Los del cabildo no se rieron entonces.

—¡Pero, desgraciado, nos arruina!—gritó el tesorero, agitando su libro mayor.

—¿Prefieres que yo me condene? Entonces el Prior se levantó.

—Mis reverendos (dijo, extendiendo su hermosa mano blanquísima en que brillaba el anillo pastoral): hay una manera de arreglarlo todo…. Por la noche es , ¿no es verdad, querido hijo mío, cuando el diablo le tienta?

—Sí, señor Abad, regularmente todas las noches; por eso ahora, cuando veo que la noche llega, tengo, con perdón sea dicho, unos sudores que se apoderan de mí, como el pollino de Capitou cuando veía llegar el aparejo.

—Pues bien; tranquilícese. De hoy en adelante, todas la noches, en los oficios, recitaremos todos por su intención la plegaria de San Agustín, a la cual va unida indulgencia plenaria. Con esto, ocurra lo que ocurra, padre, está a cubierto. Esto es la absolución durante el pecado.

—¡Oh, bien! entonces muchas gracias, señor Prior.

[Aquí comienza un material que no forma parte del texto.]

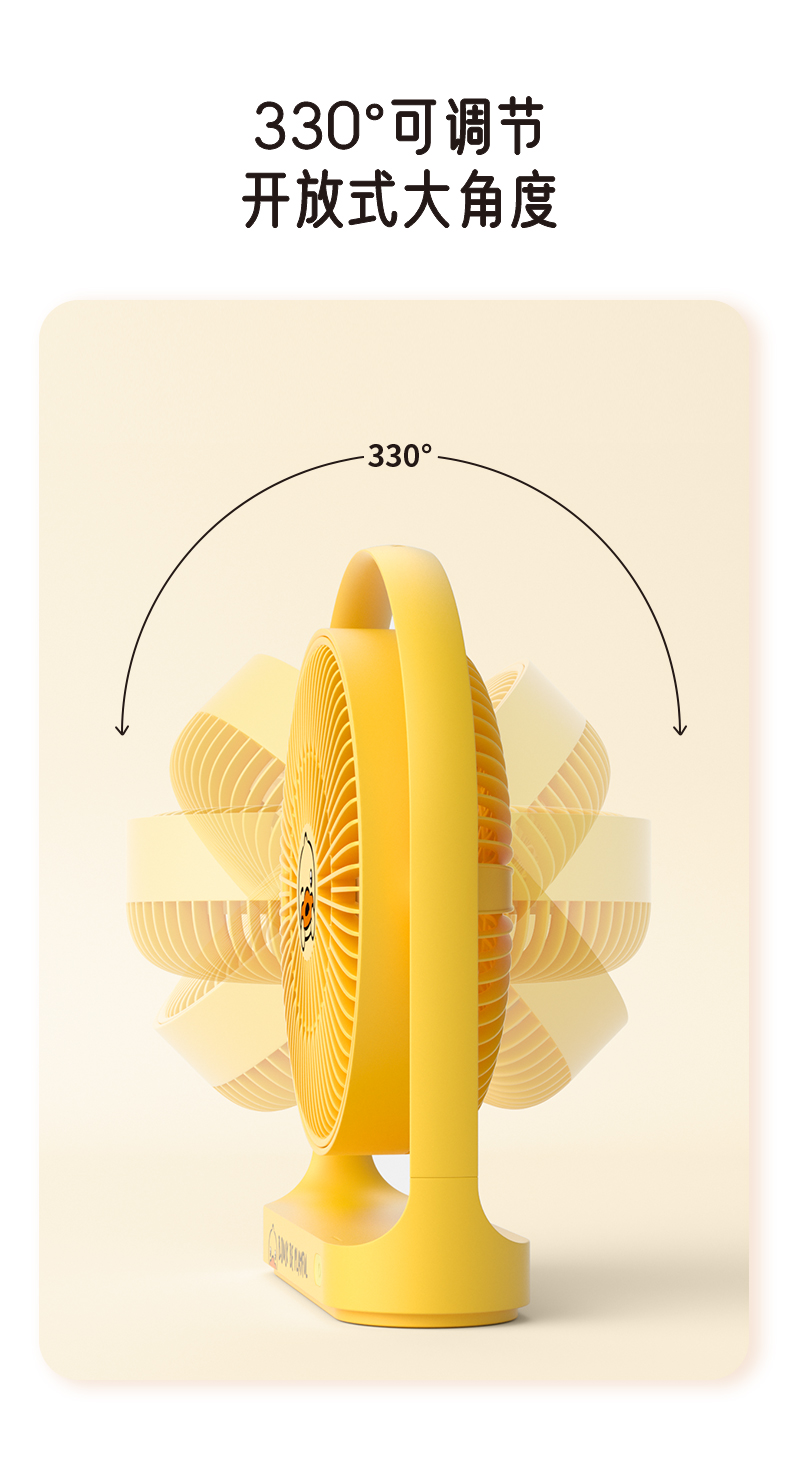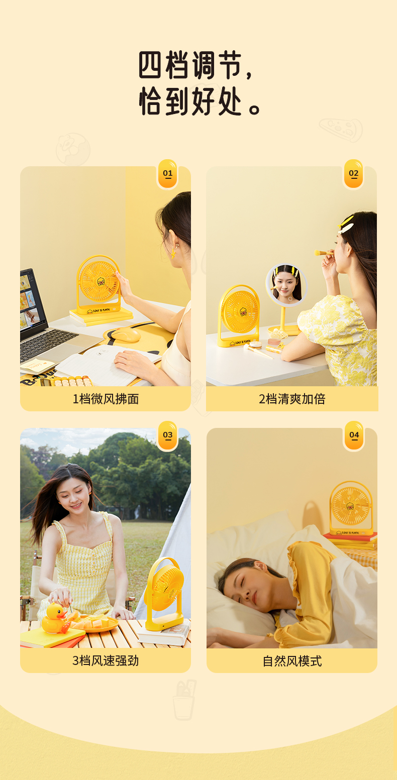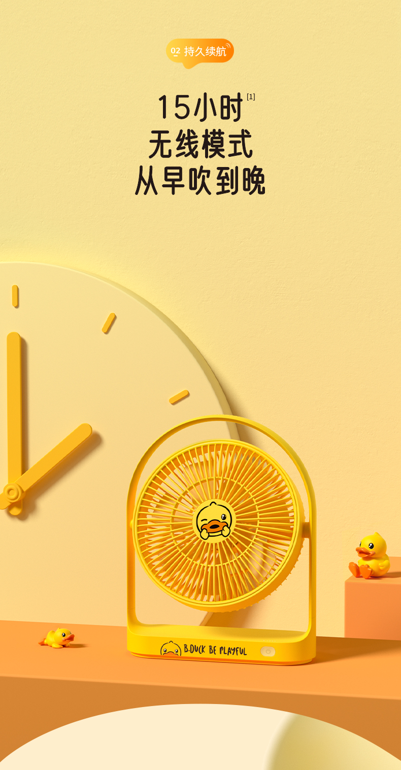 几素电风扇桌面办公室台式学生宿舍床头睡眠扇桌上usb风扇小型大扇面无线便携式户外露营小电扇无线续航【B.DUCK小黄鸭联名款】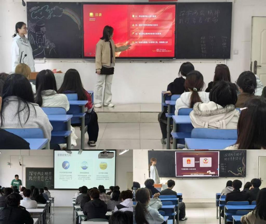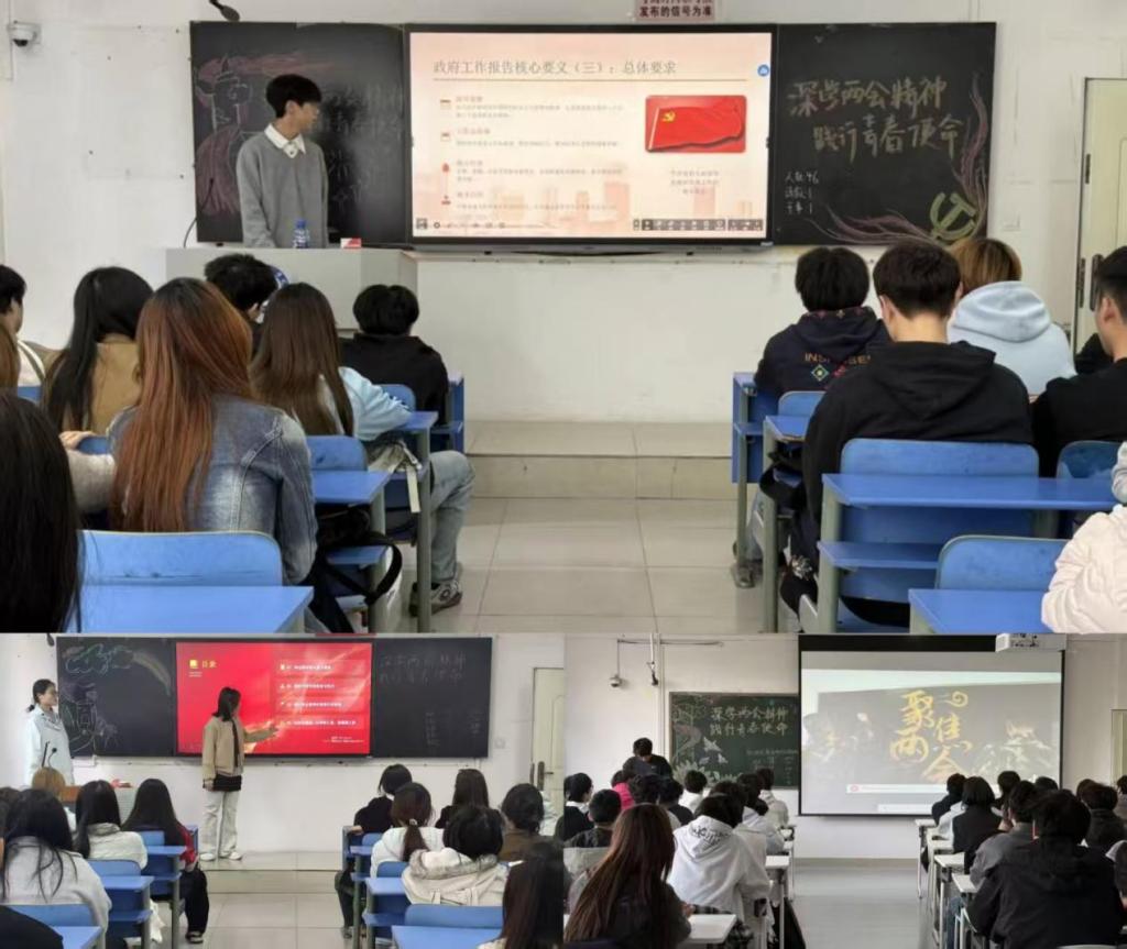 为深入学习贯彻2026年全国两会精神,引导广大团员青年坚定理想信念、勇担时代使命,国际教育学院组织全体大一班级采用联合举办、分组进行的方式,在教室集中开展“深学两会精神,践行青春使命”主题团日活动。
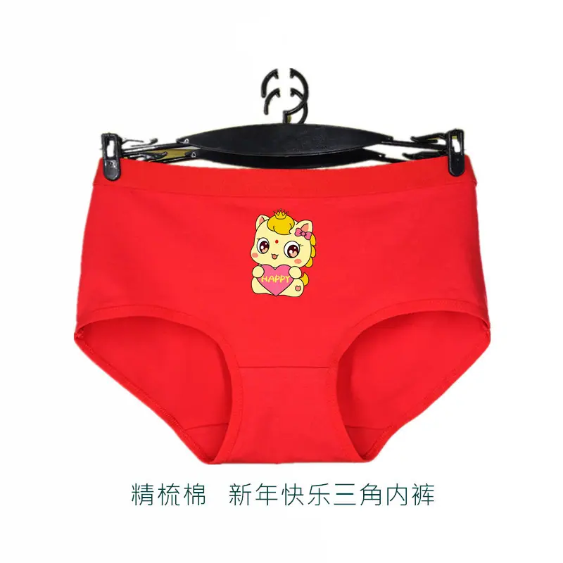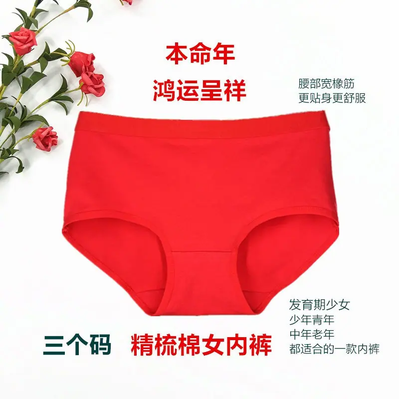 Ropa interior de algodón peinado rojo chino para niñas en período de desarrollo, estudiantes, jóvenes, mujeres de mediana edad y ancianas

Y sin solicitar otra cosa, el Padre Gaucher volvió a sus alambiques rápido como una cogujada.

En efecto: desde aquel día, todas las noches, al terminarse las completas, el oficiante tenía buen cuidado de decir:

—Oremos por nuestro pobre Padre Gaucher, que sacrifica su alma a los intereses de la comunidad. Oremus, Domine….

Y en tanto que sobre todas estas capuchas blancas, prosternadas en la sombra de las naves, la oración corría murmurando como un vientecillo sobre la nieve, allí, en lo último del convento, detrás de la vidriera iluminada del destilatorio, oíase al Padre Gaucher, que cantaba a voz en grito :

«Hay en París un blanco papá,
Patatín, patatán; tarabú, taraba.
Hay en París un blanco papá ,
Que a los frailecitos hace bailar.
Trin tran, trin tran,
En los jardines….»

Al llegar aquí, el pobre cura se detuvo espantado.

—¡Misericordia! (dijo); ¡si me oyeran mis feligreses!